В Союзе писателей шло заседание бюро творческого объединения поэтов. Разбирались разные кляузы, жалобы, просьбы. Всё шло как обычно. Вполне обычной была и та жалоба, о которой я хочу рассказать. Она исходила от одного провинциального поэта. Поэт этот был инвалид войны, тяжко больной человек, прикованный к постели, почти ослепший после тяжёлого черепно-мозгового ранения. В общем, что-то вроде нового Николая Островского. Восемь лет тому назад он послал в издательство «Советский писатель» сборник своих лирических стихов. Рукопись была одобрена и принята к печати. Автору было обещано, что на следующий год она будет включена в план выпуска. Но прошёл год, за ним второй, третий, а рукопись несчастного поэта так и лежала без движения. И никаких шансов увидеть свет у неё, кажется, уже не было. <...>
И тут слово попросил Слуцкий. И произнёс такую речь. — У нас только среди членов бюро по меньшей мере десяток поэтов фронтового поколения, — сказал он. — Неужели мы не протянем руку помощи нашему товарищу, попавшему в беду? Чего же стоит тогда наше фронтовое братство!.. Вот моё предложение.
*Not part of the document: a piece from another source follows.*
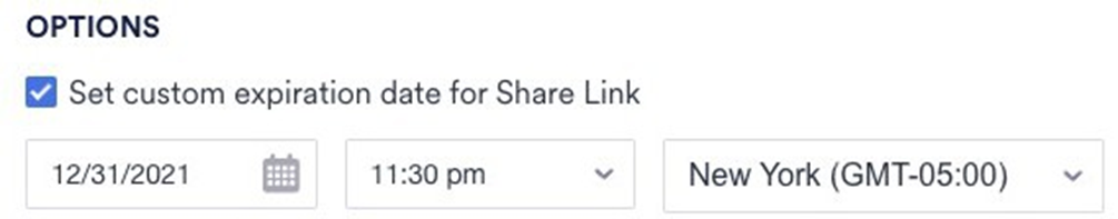 - Options – you can set the expiration date.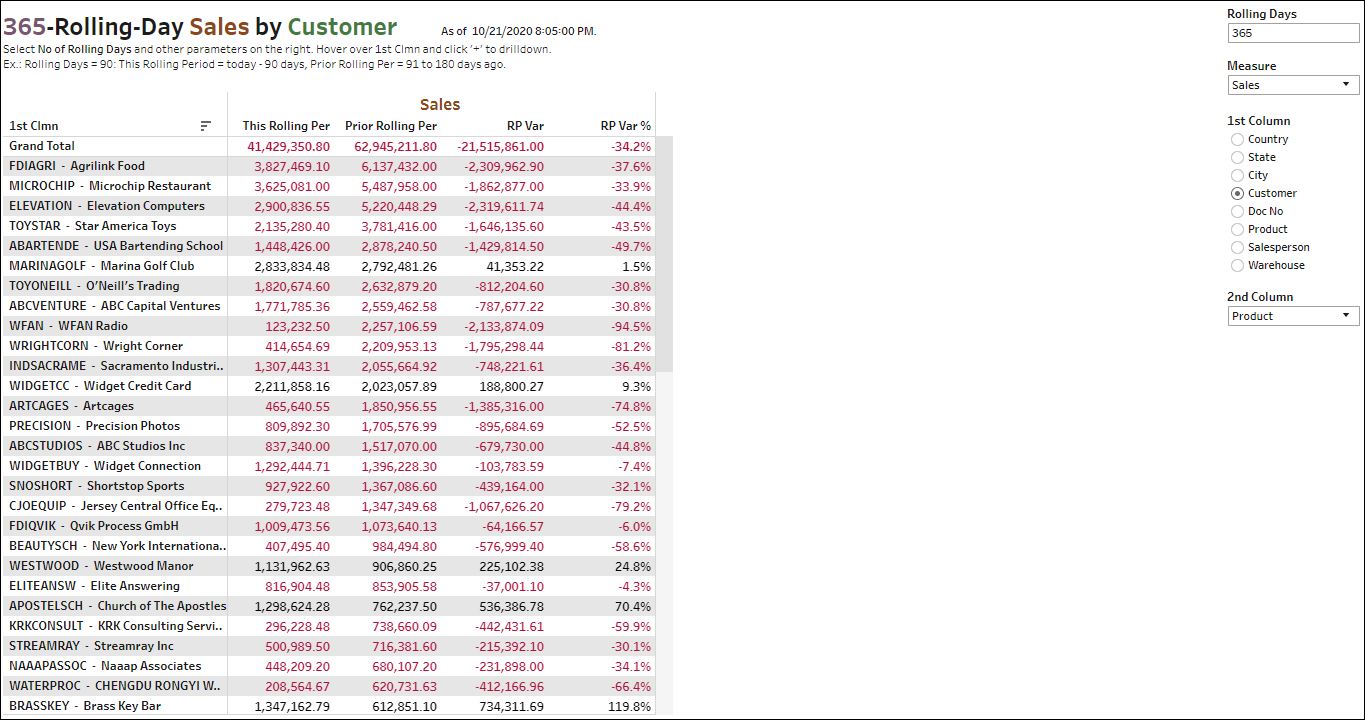 Select No of Rolling Days and other parameters on the right. Hover over 1st Clmn and click ‘+’ to drilldown. Ex.: Rolling Days = 90: This Rolling Period = today – 90 days, Prior Rolling Per = 91 to 180 days ago.

Пусть каждый из нас, поэтов-фронтовиков, напишет в эту книгу по стихотворению. Давайте спасём эту книгу нашими общими усилиями, как мы, бывало, выносили из сражения на своих руках раненого товарища!
Слуцкий — из тех поэтов, для которых категория времени существует безусловно и принимается как императив. Зависимость от времени определяет и нынешнюю судьбу его поэзии — именно поэзии, а не наследия. Наследие — нечто незыблемое, стойкая масса созданного, собранного или ещё не собранного в полиграфической оболочке. Оно присыпано археологической пылью. С ним имеет дело история.
Иное дело — поэзия. Особенно та поэзия, каждый звук которой ориентирован на фон своего времени. Она, увы, зависит и от чужого ей времени. Она сама это выбрала. Она сама назначила своим судьёй — время.
Вряд ли есть смысл рассуждать о потенциях поэзии относительно свободы от времени. По сути, такой вид существования поэзии невозможен. Дело в пропорциях и приоритетах. Слуцкий почти всю жизнь считал своё время именно своим. Его позднее трагическое открытие состояло в том, что он осознал свою чужеродность и ненужность той современности, на служение которой он положил эту самую жизнь. Одновременно он, ещё до заката, в расцвете лет, ощущал утрату своего времени. Хрущева он недолюбливал, считал дураком, хотя и воздавал ему должное за освобождение сотен тысяч зэков; с Брежневым было то же самое, в вариации одобрения за долгий мир на планете.